- What to work on -
Using the listing below, output only the lines from the one that contains "- الحذف التلقائي" through the one that contains "To jest wciąż", inclusive, exactly as given and without images.

- Given data -
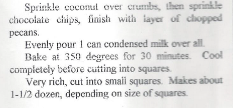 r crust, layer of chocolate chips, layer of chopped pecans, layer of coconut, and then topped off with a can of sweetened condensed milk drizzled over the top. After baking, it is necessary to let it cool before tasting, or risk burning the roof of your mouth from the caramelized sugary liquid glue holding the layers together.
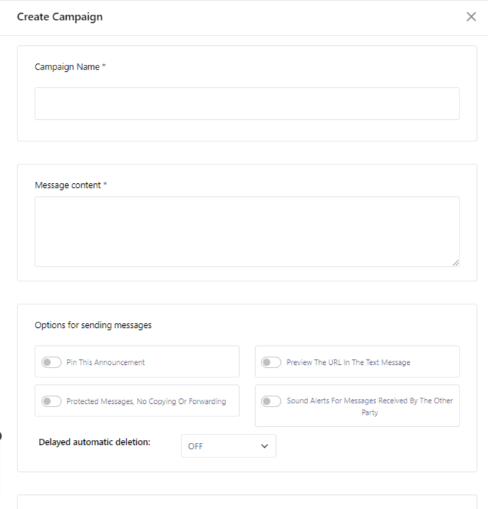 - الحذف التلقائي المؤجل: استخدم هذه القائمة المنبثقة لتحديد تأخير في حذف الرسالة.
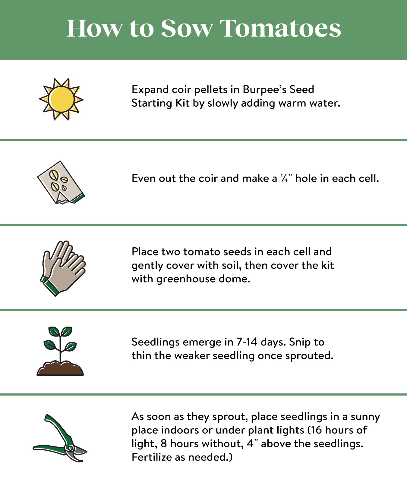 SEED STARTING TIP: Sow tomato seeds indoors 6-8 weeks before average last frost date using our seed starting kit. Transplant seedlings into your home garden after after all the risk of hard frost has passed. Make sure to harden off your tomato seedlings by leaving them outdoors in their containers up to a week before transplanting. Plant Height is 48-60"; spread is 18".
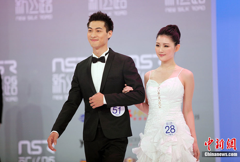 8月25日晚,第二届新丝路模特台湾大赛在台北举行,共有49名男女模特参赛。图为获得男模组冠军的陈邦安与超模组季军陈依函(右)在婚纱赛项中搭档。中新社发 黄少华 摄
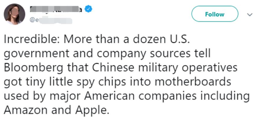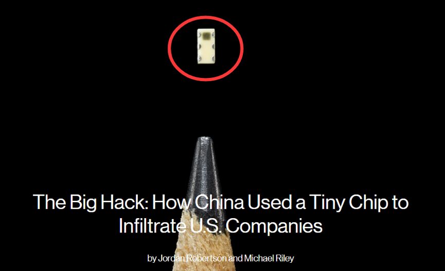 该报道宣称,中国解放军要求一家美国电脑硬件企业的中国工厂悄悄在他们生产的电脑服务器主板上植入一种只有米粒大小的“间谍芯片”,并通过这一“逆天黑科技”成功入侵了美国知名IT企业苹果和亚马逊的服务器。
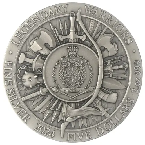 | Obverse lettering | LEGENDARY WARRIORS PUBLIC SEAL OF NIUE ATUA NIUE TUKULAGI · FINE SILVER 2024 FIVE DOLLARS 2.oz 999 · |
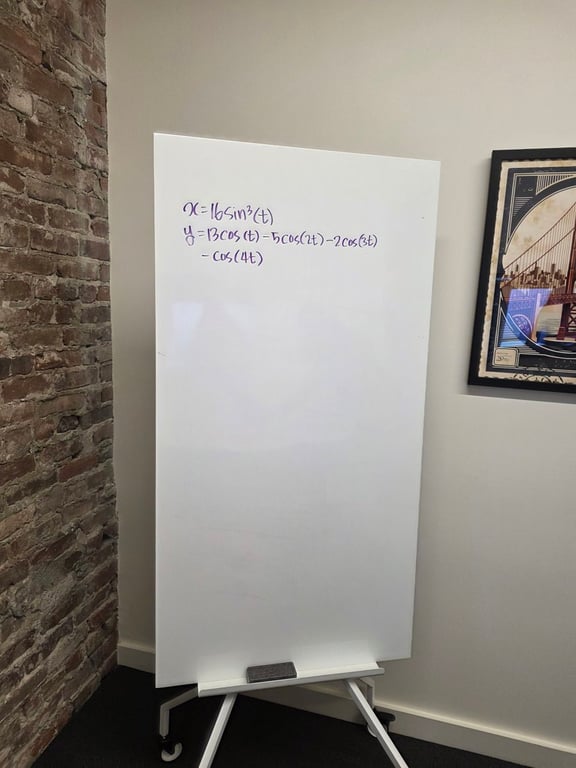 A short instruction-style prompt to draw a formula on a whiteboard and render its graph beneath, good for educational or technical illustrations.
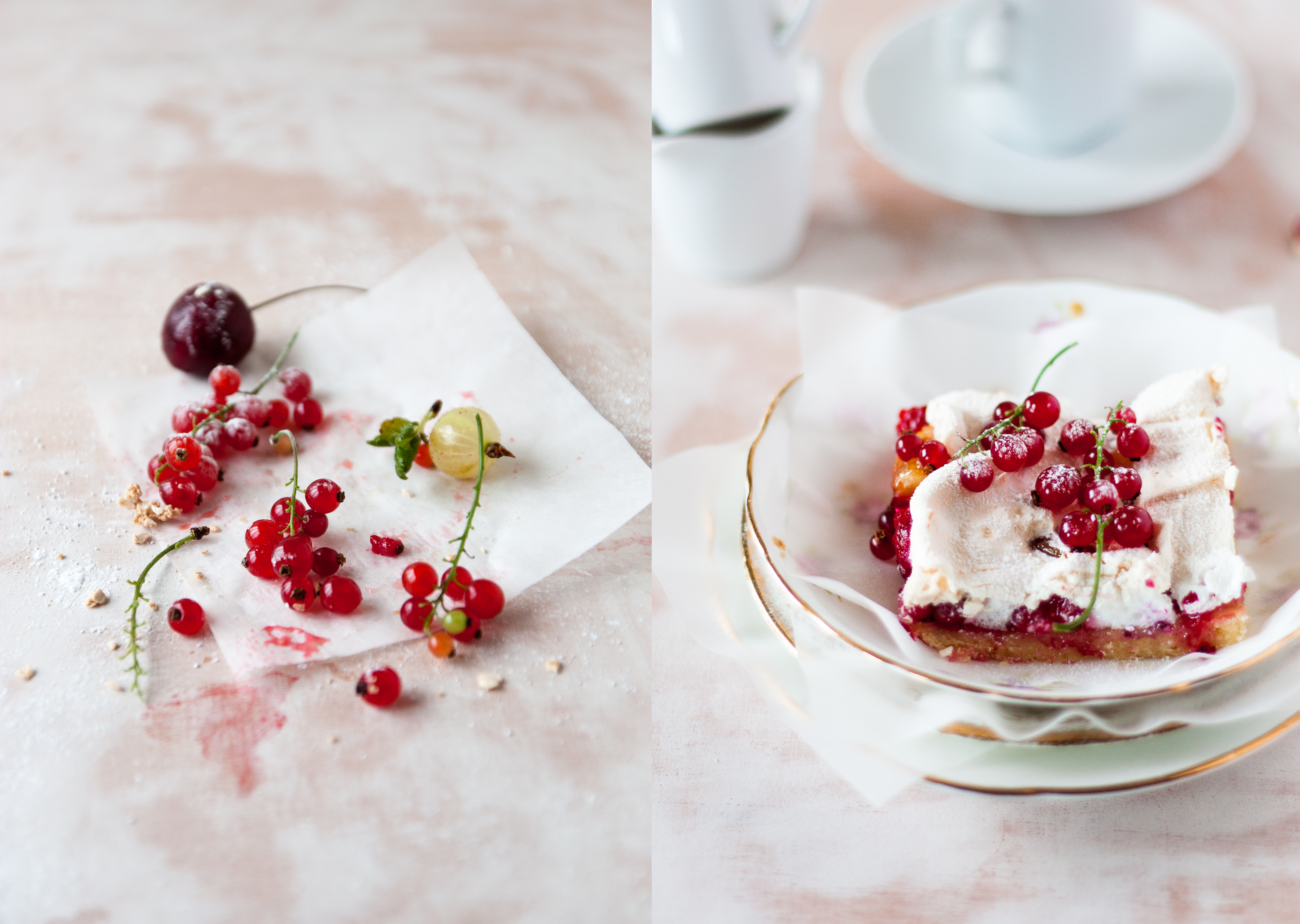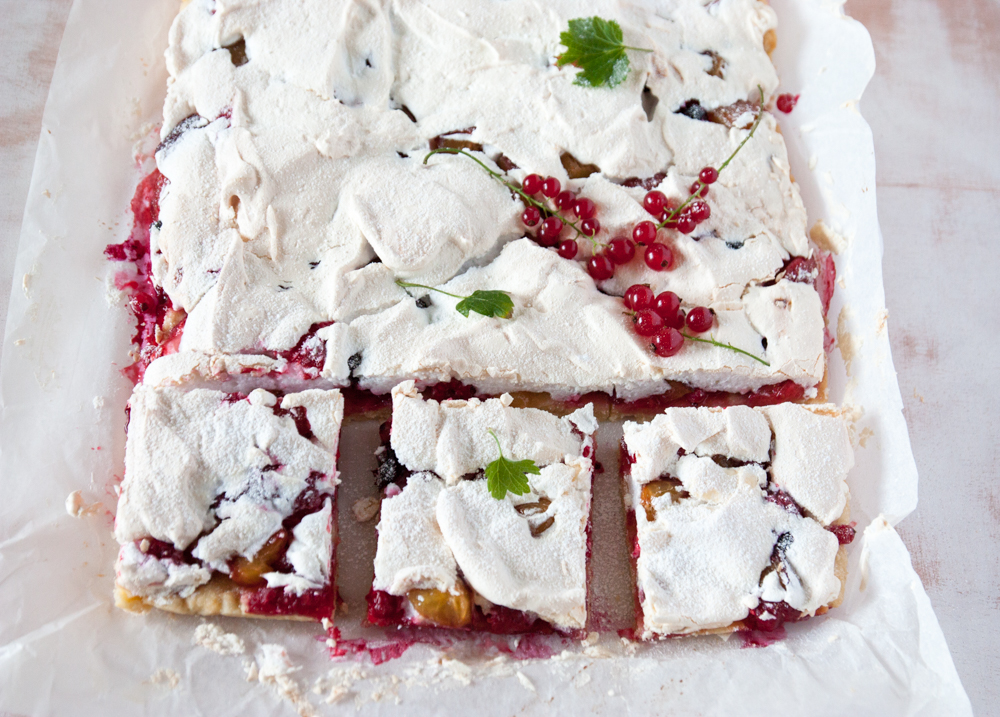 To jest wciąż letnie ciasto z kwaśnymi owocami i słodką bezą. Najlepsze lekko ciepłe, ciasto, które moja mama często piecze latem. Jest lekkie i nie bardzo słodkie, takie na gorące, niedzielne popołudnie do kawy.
...
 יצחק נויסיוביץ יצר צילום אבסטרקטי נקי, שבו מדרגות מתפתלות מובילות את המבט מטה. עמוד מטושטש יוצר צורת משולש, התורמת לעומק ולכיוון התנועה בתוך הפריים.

- Response -
 - الحذف التلقائي المؤجل: استخدم هذه القائمة المنبثقة لتحديد تأخير في حذف الرسالة.
 SEED STARTING TIP: Sow tomato seeds indoors 6-8 weeks before average last frost date using our seed starting kit. Transplant seedlings into your home garden after after all the risk of hard frost has passed. Make sure to harden off your tomato seedlings by leaving them outdoors in their containers up to a week before transplanting. Plant Height is 48-60"; spread is 18".
 8月25日晚,第二届新丝路模特台湾大赛在台北举行,共有49名男女模特参赛。图为获得男模组冠军的陈邦安与超模组季军陈依函(右)在婚纱赛项中搭档。中新社发 黄少华 摄
 该报道宣称,中国解放军要求一家美国电脑硬件企业的中国工厂悄悄在他们生产的电脑服务器主板上植入一种只有米粒大小的“间谍芯片”,并通过这一“逆天黑科技”成功入侵了美国知名IT企业苹果和亚马逊的服务器。
 | Obverse lettering | LEGENDARY WARRIORS PUBLIC SEAL OF NIUE ATUA NIUE TUKULAGI · FINE SILVER 2024 FIVE DOLLARS 2.oz 999 · |
 A short instruction-style prompt to draw a formula on a whiteboard and render its graph beneath, good for educational or technical illustrations.
 To jest wciąż letnie ciasto z kwaśnymi owocami i słodką bezą. Najlepsze lekko ciepłe, ciasto, które moja mama często piecze latem. Jest lekkie i nie bardzo słodkie, takie na gorące, niedzielne popołudnie do kawy.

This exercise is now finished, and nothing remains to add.